**TASK GOAL**
Could you print each entry below verbatim while omitting the pictures?

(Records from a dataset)
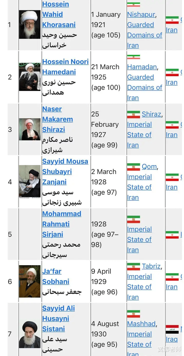 咱们看看以下的这些最高级教士、大阿亚图拉们的基本信息。
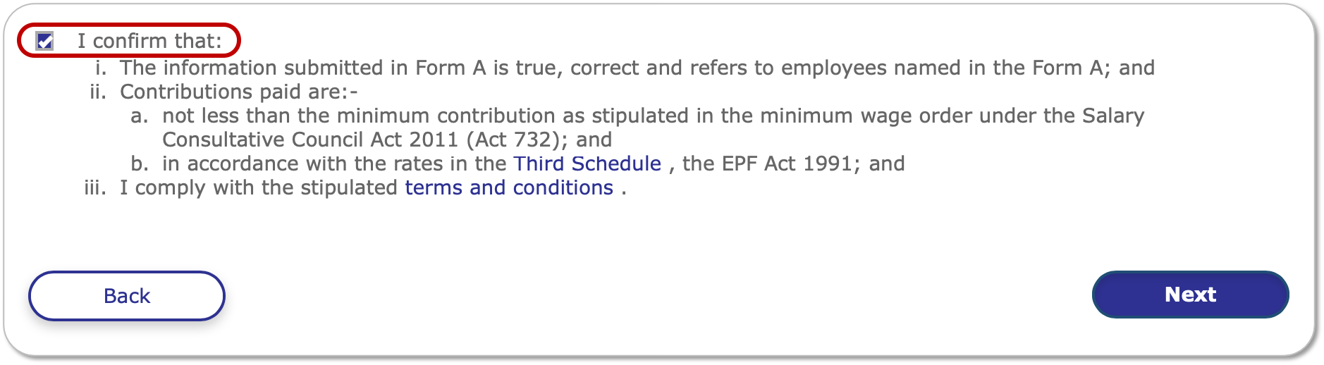 8. Once verified, scroll to the bottom, tick the checkbox to confirm, and click Next.
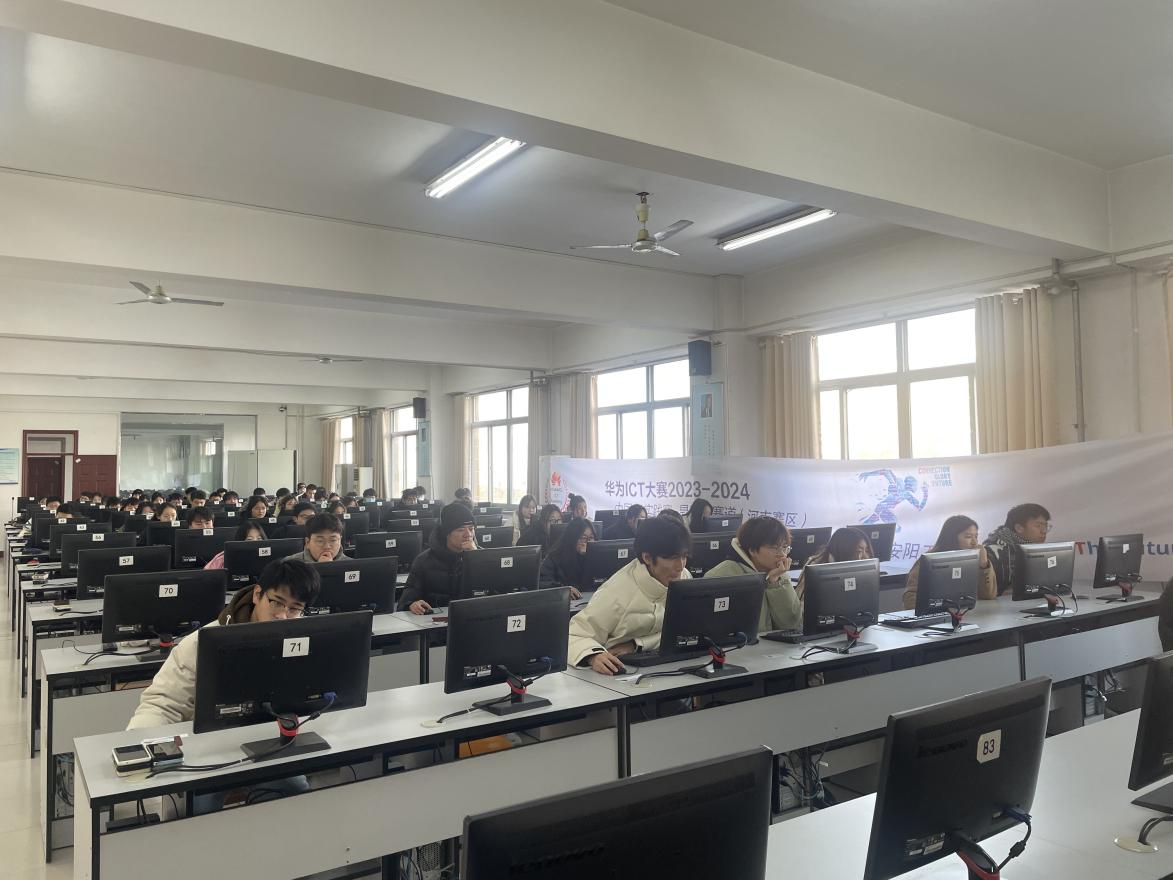 华为ICT大赛(以下简称大赛),是华为公司打造的面向全球大学生的年度ICT赛事。大赛自2015年举办以来,其影响力日益增强,于2021年被中国高等教育学会正式纳入全国普通高校大学生竞赛项目榜单,为业界认可度较高的赛事之一,获得国奖以上荣誉将助力学生高质量就业。昇腾AI赛道为今年大赛新增赛道,吸引了河南省43个本科及高职类学校合计317名学生报名参赛,并于2023年12月23日齐聚ag九游会登陆j9入口A03实验楼的计算机实验室同场竞技。参赛选手严格遵守比赛纪律,充分发挥个人技能水平,展现了良好的精神风貌。在比赛期间,华为河南产业发展部教育科研部经理孙星星来我校指导,对考场进行巡考。
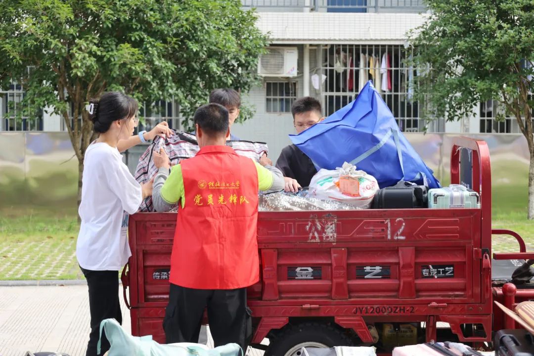 党员教师帮助学生搬运行李
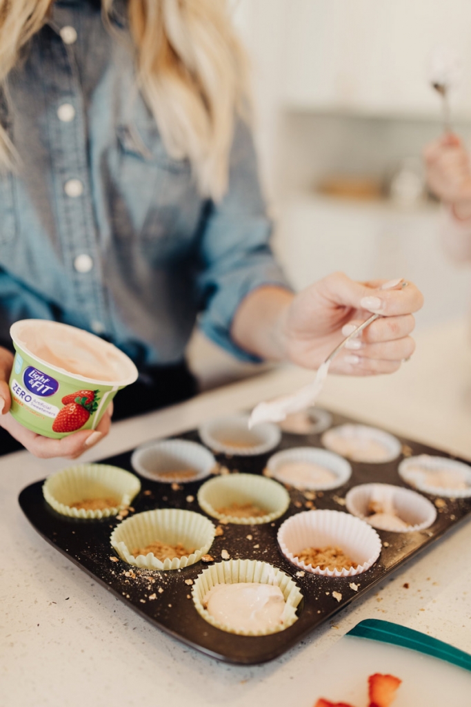 Next, you’re just going to put a large dollop of yogurt in each tin! I told you, it was super easy.
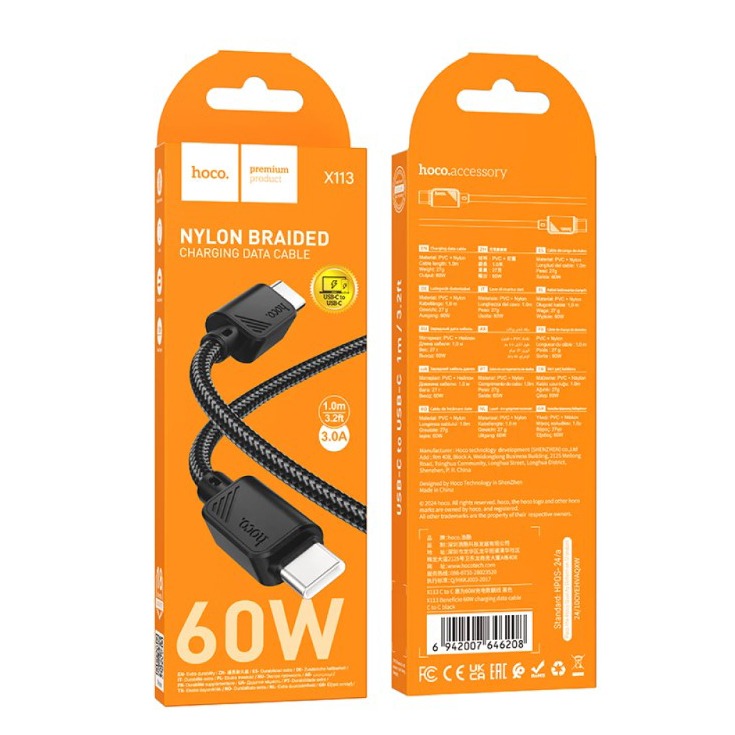 Кабель Type-C - Type-C HOCO X113 (60W/3A/1m/текстиль) черный
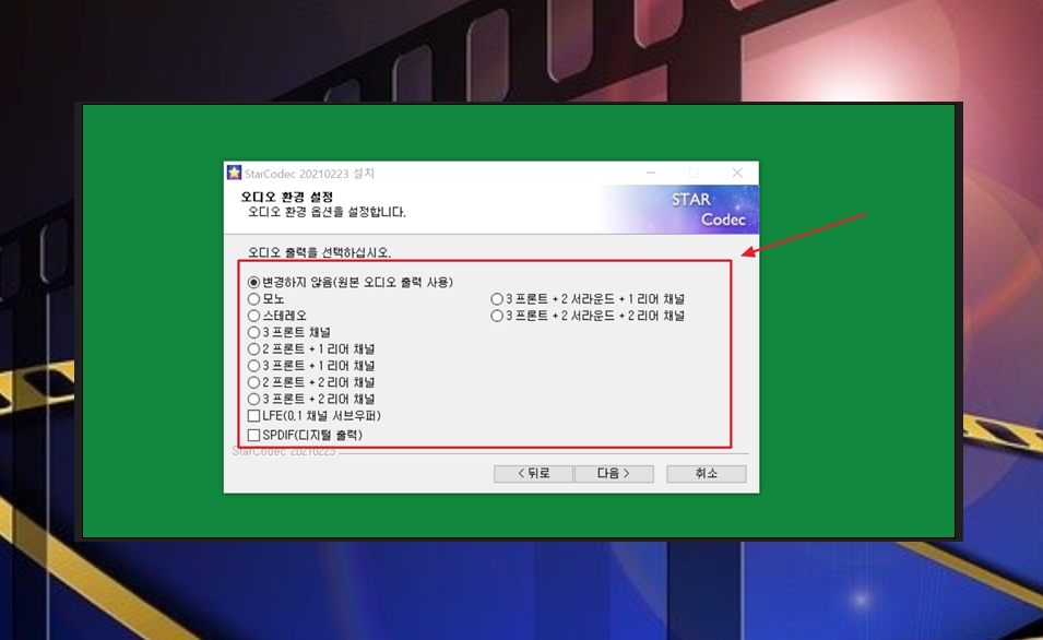 이번에는 오디오 환경에 대한 설정을 진행해야 하는데요. 자신이 사용하는 오디오 출력에 맞게 선택을 해주면 돼요.
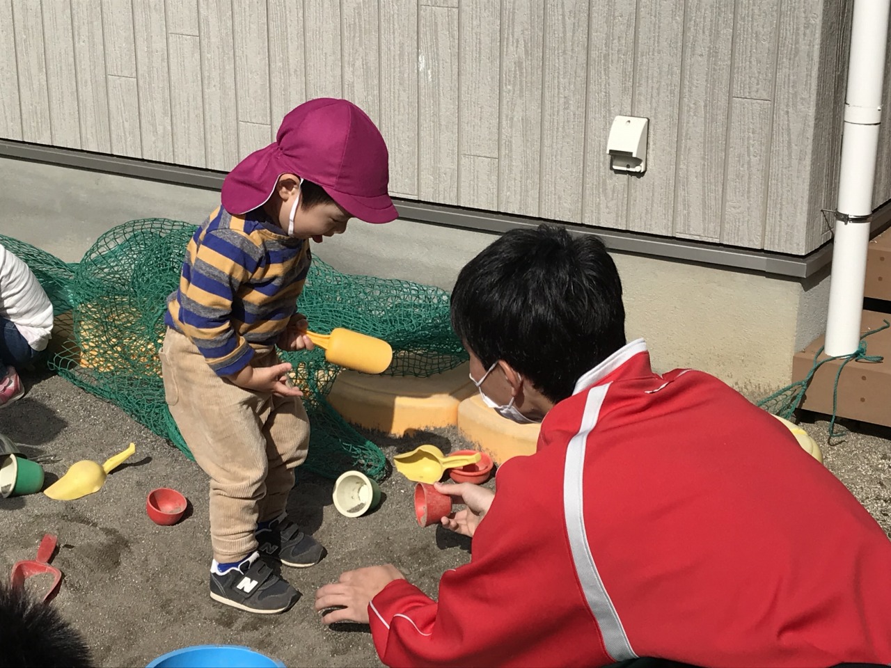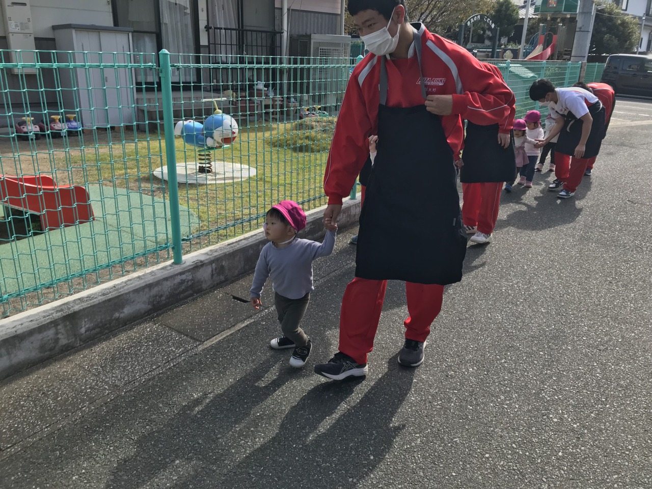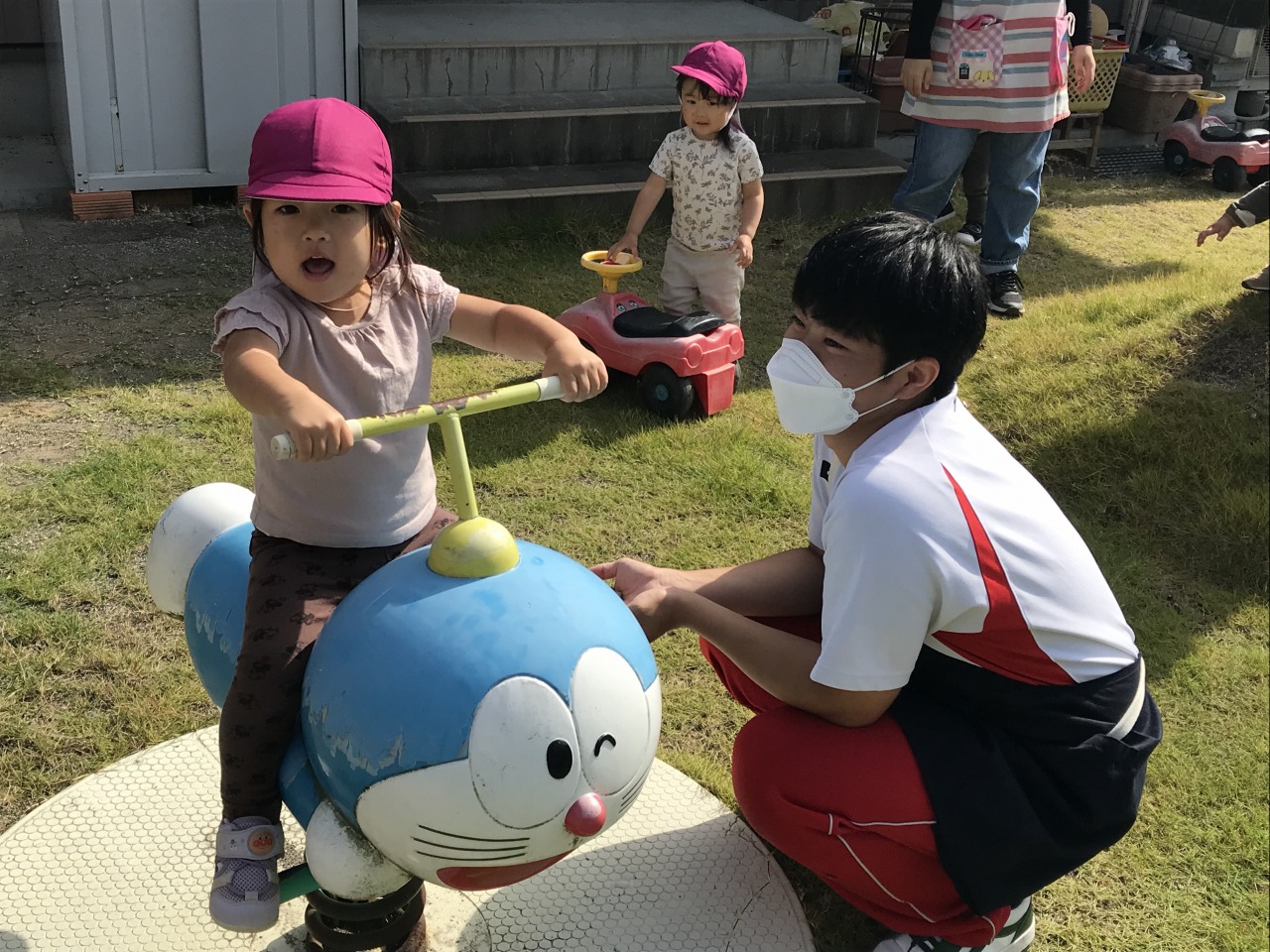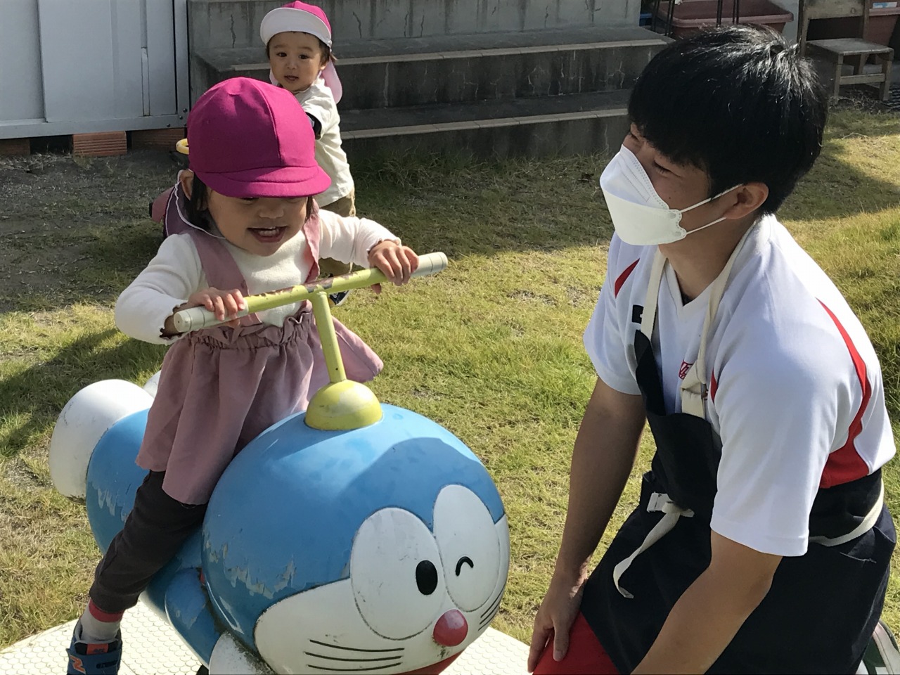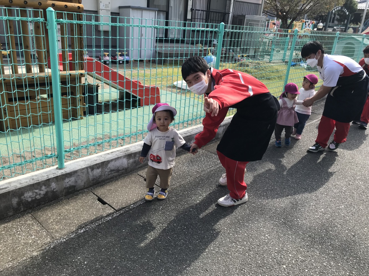 今日は、子育て支援センターの行事“ぴよぴよルーム特別企画 未来塾∼PAM(パパ&ママ)~”があり、高校生との交流を行いました。大きなお兄ちゃん達に最初は驚いていた子ども達でしたが、優しく声を掛けてもらったり一緒に遊んで行くうちに少しずつ仲良くなっていく様子が見られました。小さなすみれ組さんを泣かせないように大切に優しく接する高校生の優しさを感じました。時間がたつにつれ子ども達のほうからかけよって行ったり、嬉しそうに手を繋いで歩く姿が見られたり、心が和む光景がたくさんで した。お兄ちゃん達が返る時にはバイバイーと手を振る子ども達でした。高校生にとってもすみれ組さんにとっても楽しい時間になったことと思います。

**RESULT**
 咱们看看以下的这些最高级教士、大阿亚图拉们的基本信息。
 8. Once verified, scroll to the bottom, tick the checkbox to confirm, and click Next.
 华为ICT大赛(以下简称大赛),是华为公司打造的面向全球大学生的年度ICT赛事。大赛自2015年举办以来,其影响力日益增强,于2021年被中国高等教育学会正式纳入全国普通高校大学生竞赛项目榜单,为业界认可度较高的赛事之一,获得国奖以上荣誉将助力学生高质量就业。昇腾AI赛道为今年大赛新增赛道,吸引了河南省43个本科及高职类学校合计317名学生报名参赛,并于2023年12月23日齐聚ag九游会登陆j9入口A03实验楼的计算机实验室同场竞技。参赛选手严格遵守比赛纪律,充分发挥个人技能水平,展现了良好的精神风貌。在比赛期间,华为河南产业发展部教育科研部经理孙星星来我校指导,对考场进行巡考。
 党员教师帮助学生搬运行李
 Next, you’re just going to put a large dollop of yogurt in each tin! I told you, it was super easy.
 Кабель Type-C - Type-C HOCO X113 (60W/3A/1m/текстиль) черный
 이번에는 오디오 환경에 대한 설정을 진행해야 하는데요. 자신이 사용하는 오디오 출력에 맞게 선택을 해주면 돼요.
 今日は、子育て支援センターの行事“ぴよぴよルーム特別企画 未来塾∼PAM(パパ&ママ)~”があり、高校生との交流を行いました。大きなお兄ちゃん達に最初は驚いていた子ども達でしたが、優しく声を掛けてもらったり一緒に遊んで行くうちに少しずつ仲良くなっていく様子が見られました。小さなすみれ組さんを泣かせないように大切に優しく接する高校生の優しさを感じました。時間がたつにつれ子ども達のほうからかけよって行ったり、嬉しそうに手を繋いで歩く姿が見られたり、心が和む光景がたくさんで した。お兄ちゃん達が返る時にはバイバイーと手を振る子ども達でした。高校生にとってもすみれ組さんにとっても楽しい時間になったことと思います。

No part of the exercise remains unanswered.